Survey_comp <- stringdist_inner_join(Survey_final[ , c("Title", "Survey_rating")],imdb_rating[ , c("Title", "Review Rating")],by = "Title")[,c("Title.y","Survey_rating","Review Rating")]
colnames(Survey_comp)[1] <- "Title" 
knitr::kable(Survey_comp, "simple")

Title	Survey_rating	Review Rating
Avengers: Endgame (2019)	3.9	9
Avengers: Infinity War (2018)	4.3	9
Spider-Man: Far from Home (2019)	3.9	0
Captain Marvel (2019)	4.2	7
Ant-Man and the Wasp (2018)	3.2	7
Guardians of the Galaxy Vol. 2 (2017)	4.1	8

Let’s bring ImDb rating to the scale of 5 to make the comparison even.

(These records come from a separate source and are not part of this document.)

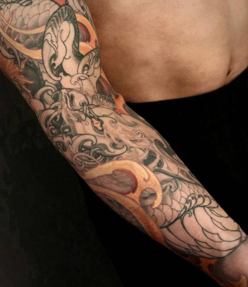 The tattoo artist has covered the entire hand with the Japanese dragon tattoos, making it a great option for sleeve tattoos. Major parts of the dragon tattoo are inked with dark shades with deep coloured outlines to show the separation between different tattoo designs. They are giving rise to several wave Japanese style patterns all over the oriental tattoo sleeve. Some wave-like designs on the dragon are tattooed with a dull yellow hue with some shading effect giving it a 3-D outlook. These types of dragon tattoos are some of the most popular tattoos among the traditional Japanese tattoo design ideas.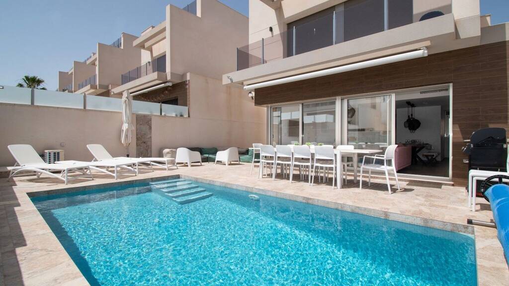 Die jetzigen Eigentümer haben die Immobilie zu einem hohen Standard eingerichtet und dekoriert und verkaufen sie voll möbliert und ausgestattet. Der Innenbereich besteht aus einem hellen und geräumigen offenen Wohn- und Essbereich mit großen Terrassentüren, die Zugang zur Terrasse und zum Garten bieten. Im Hauptwohnbereich befindet sich eine moderne Küche im amerikanischen Stil mit hohen und niedrigen Schränken, die in schlichtem Weiß gehalten sind. Das Haus verfügt über fünf große Schlafzimmer, 4 modern ausgestattete Bäder und im Untergeschoss befindet sich ein zweiter Wohnbereich...ideal für größere Familien oder wenn Gäste zu Besuch kommen. Weitere Highlights der Immobilie sind Klimaanlage, Heizung, Grill, Waschküche und Abstellraum.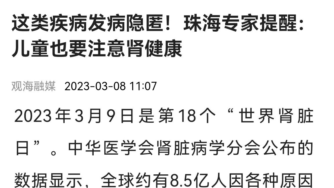2023年3月9日是第18个“世界肾脏日”。中华医学会肾脏病学分会公布的数据显示,全球约有8.5亿人因各种原因罹患慢性肾脏病(CKD),我国慢性肾脏病患者人数也超过了1亿。据了解,慢性肾脏病是全球死亡率中排第11位的疾病,然而这类疾病在我国的知晓率不到10%。对此,中大五院肾内科主任王成表示,该病隐匿,早期基本无临...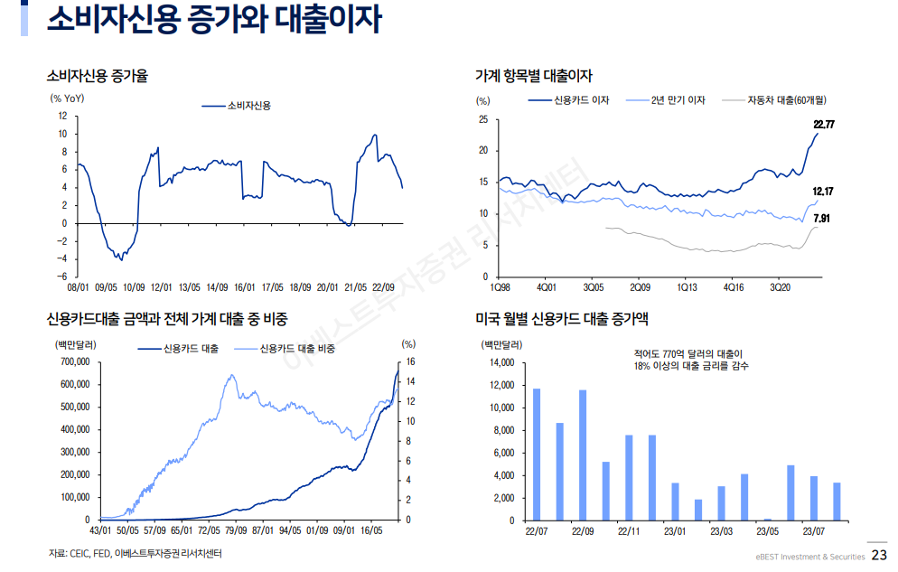 - 개인 자금 감소: 소득 높아지는 현상 보이지 않으며, 높은 이자율로 인한 부채 반환액 확대로 개인 자급 유입 가능성 (↓)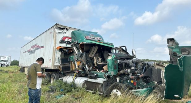 Persona de Protección Civil y Bomberos de Nuevo Laredo respondieron al llamado de emergencia y llegando al lugar, reportaron que el percance fue de un tráiler en circulación contra otro que estaba estacionado en el acotamiento de la Carretera.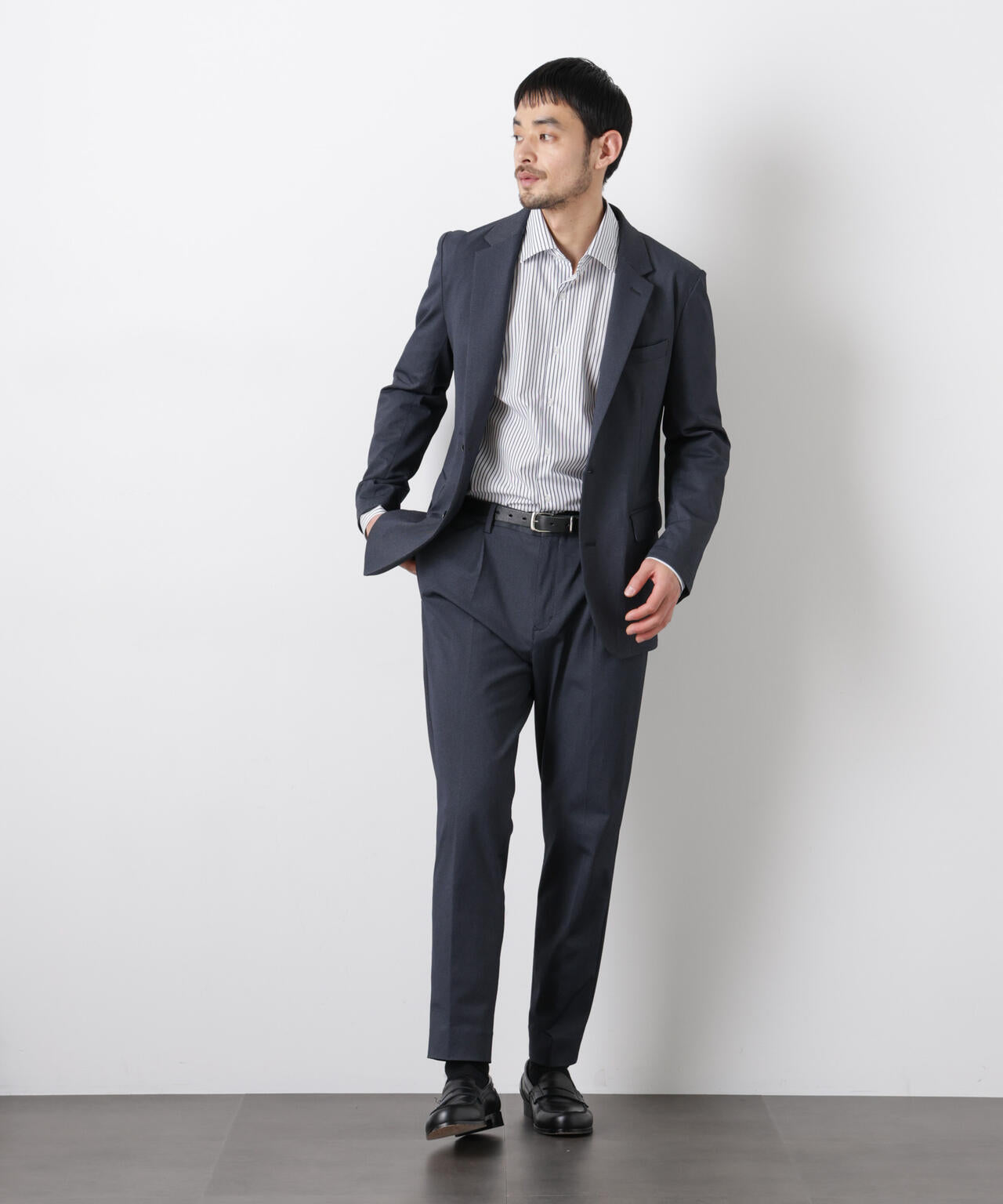 イギリス、アメリカ、イタリアなど様々な国のテーラードスタイルを取り入れ進化してきた日本のスーツの現在進行形。クラシックの基本(ゴージ位置、ラペル幅、ポケット位置、ボタン位置、フロントカットバランスなど)は崩さず、余計な装飾を省きクリーンで現代的、10年着続けられるデザイン、オーセンティックなフィッティングに落とし込んでいる。ゴージ位置、角度、ラペルラインからフロントのカッティングラインがスマートな印象を生み出している。素材はポリエステルをベースとしたNEW STANDARDとなりうる素材。天然素材でなければならないという伝統的な思考ではなく、伝統を踏まえた見え方かつ、未来思考の素材を使用。

Survey_comp[3] <- Survey_comp[3]/2

knitr::kable(Survey_comp, "simple")

Title	Survey_rating	Review Rating
Avengers: Endgame (2019)	3.9	4.5
Avengers: Infinity War (2018)	4.3	4.5
Spider-Man: Far from Home (2019)	3.9	0.0
Captain Marvel (2019)	4.2	3.5
Ant-Man and the Wasp (2018)	3.2	3.5
Guardians of the Galaxy Vol. 2 (2017)	4.1	4.0

Conclusion

Movies released prior to 2019 had similar ratings from survey sample and ImDb but movies in 2019 seem to have difference of opinion. Also, Spider-Man movie did not have any rating in the ImDb databases possibly because the ImDb dataset was outdated. We may assume that Spider-Man might be a good recommendation to broader audience as it has 3.9 star rating from the survey conducted (not bad spidey!)